One night, many years ago when I was still living in Observatory in Cape Town, I woke at about 3 one morning to the unmistakable sound of my car starting up and driving away. I leapt out of bed and threw open the curtains, and sure enough, there was my little red Toyota Corolla, skedaddling down the street.

I immediately phoned the Flying Squad (back in the days when we had one) and explained that my car had been stolen literally minutes before and literally from under my nose. 'We’ll be right there,' they said, and they arrived at 10 the next day.

All that remained by then, 7 hours later, was to give them a statement and get a case number. And to try to work out how I was going to replace the third car in as many years that had been stolen from outside that house (none insured – ironically, I couldn’t afford the premiums).

About a year later I got a phonecall from a police officer in East London. Once he’d established, with very little polite preliminary chit-chat, that I was the owner of a red Toyota Corolla, registration CA-whatever, the conversation went more or less like this:

Officer: You owe us R12 per day for storage in the police compound over 350 days, and if you do not remove the car by this weekend, we will have it removed for you and that charge will be for your account.

Me (gobsmacked): You mean my stolen car is in your police compound? How long has it been there?

Officer (utterly disinterested): 350 days. And after it’s been here a year, it must be removed. You must remove it, or we will have it removed for you and that charge will be for your account.

Me (astounded): 350 days? But my car was stolen about 350 days ago. Do you mean you guys have had it all that time?

Officer (impatient): We have had it for 350 days. After it has been here a year, it must be removed. You must remove it, or we will have it removed for you and that charge will be for your account.

Me (looking around for hidden camera): Give me the exact date the car arrived in your compound and your phone number, and I’ll call you back.

I then went and searched out the signed police statement, checked the date, and confirmed that the car had washed up in the East London police compound exactly one day after it had been stolen from outside my house in Observatory.

I called the officer back.

Me: How long have you guys known that that car belonged to me?
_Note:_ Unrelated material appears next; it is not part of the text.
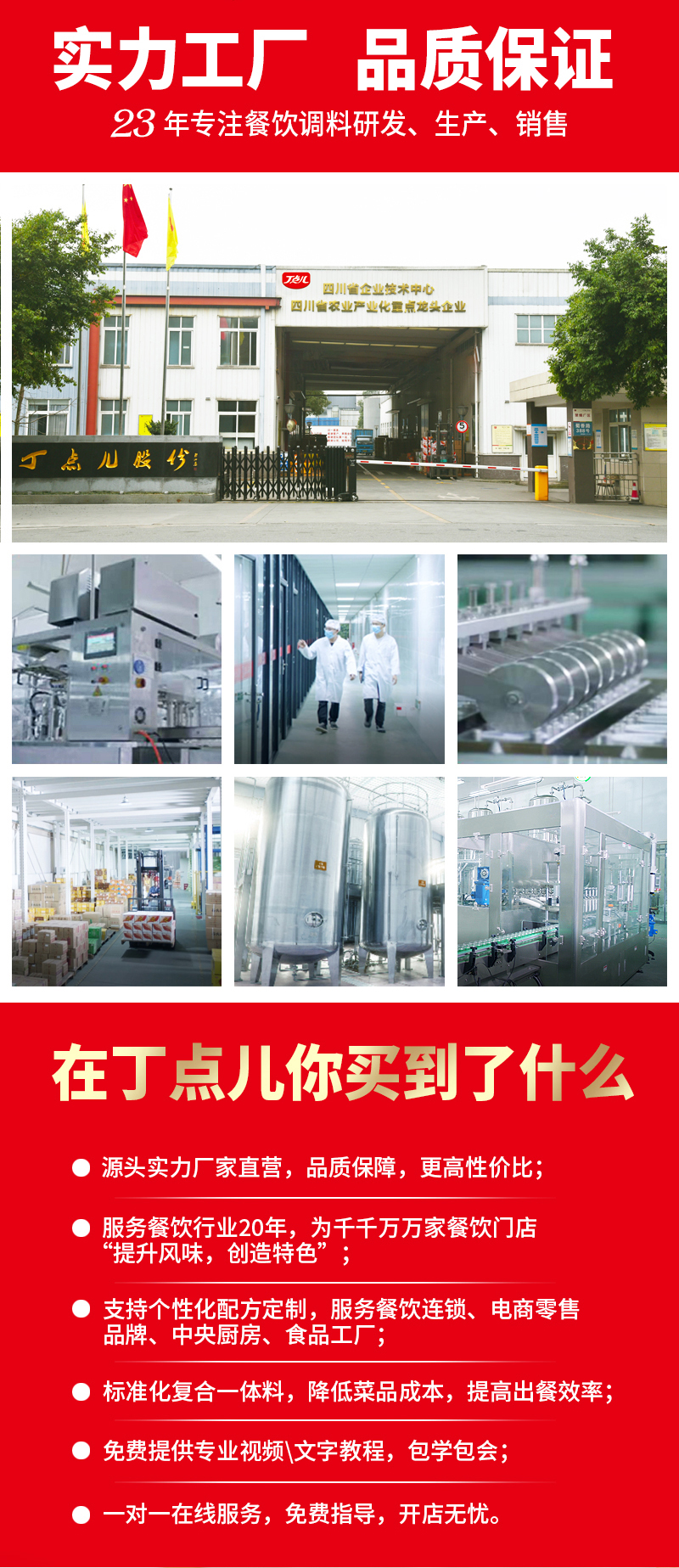 四川丁点儿食品开发股份有限公司,是集川菜调味料研发、生产、销售、服务为一体的现代化企业,专注为餐饮客户提供川菜调味解决方案。公司成立至今,服务了超百万家的餐饮门店以及连锁品牌。

Officer (bored, irritable): We have had your car for 350 days. After it has been here a year, it must be removed. You must remove it, or we will …

Me (tearing at my hair): Yes, yes, I know all that. What I want to know is how long you guys have had my contact information. In other words, did you know, when that car arrived in your compound, that it belonged to me?
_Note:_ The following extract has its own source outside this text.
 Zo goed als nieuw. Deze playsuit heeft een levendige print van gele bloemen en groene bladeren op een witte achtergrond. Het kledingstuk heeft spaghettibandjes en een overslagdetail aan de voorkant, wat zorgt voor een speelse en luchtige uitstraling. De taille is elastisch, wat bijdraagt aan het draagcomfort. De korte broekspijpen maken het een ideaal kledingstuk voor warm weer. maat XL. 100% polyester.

Officer (somewhat threatening): Yes. We contacted the local authorities. We have now had the car for 350 days. After it has been here…

Me (scratching at my eyes): Yes, yes, I've got that! But why didn’t you phone me when it arrived there? If you had my contact information, why didn’t you contact me then? Why are you only contacting me now?
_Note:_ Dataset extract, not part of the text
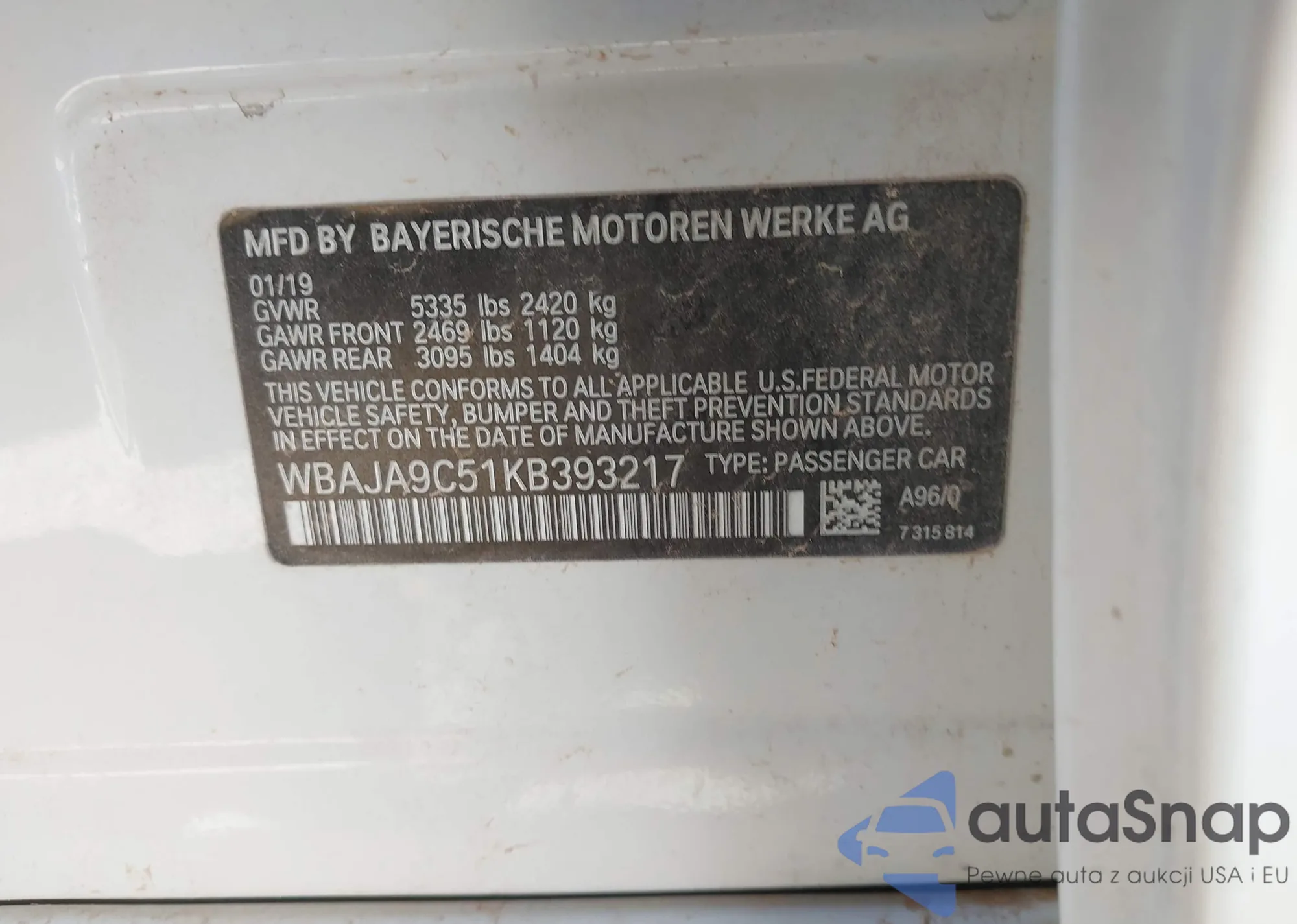 WBAJA9C51KB393217 IAAI

Officer (bored, irritable, somewhat threatening): We have had your car for 350 days. After it has been here a year, it must be removed. You must remove it, or we will …

Me (pulling out my toenails): I’ll call you back.

Over the next few days, I put out feelers to friends and acquaintances in the Eastern Cape. Finally, someone agreed to go to the police compound, both to have a look at the car and try to establish what had happened in the 350 days it had been sitting there. The news, when it came a few days later, was (surprise!) not good.

Apparently the car had been found, abandoned, the day after it had been stolen. It had been established immediately, because the car was properly registered, that it was a stolen vehicle and that it belonged to me; and all my contact details had been freely available to the police. The police told my acquaintance, quite unashamedly, that it had been completely intact when they found it. During the following near-year, however, it had been (unseen and unnoticed by any police officers at the compound, naturally) completely stripped. ‘All that’s left, basically, is the shell,’ my contact said. Everything, including the radio-tape and speakers, the steering wheel, all the seats, all the tyres, and even the engine and gearbox, had been scavenged. And now that it was of no use to anyone, least of all me, the police wanted nothing to do with getting rid of the wreck – or, if they did, it was to be ‘for my account’.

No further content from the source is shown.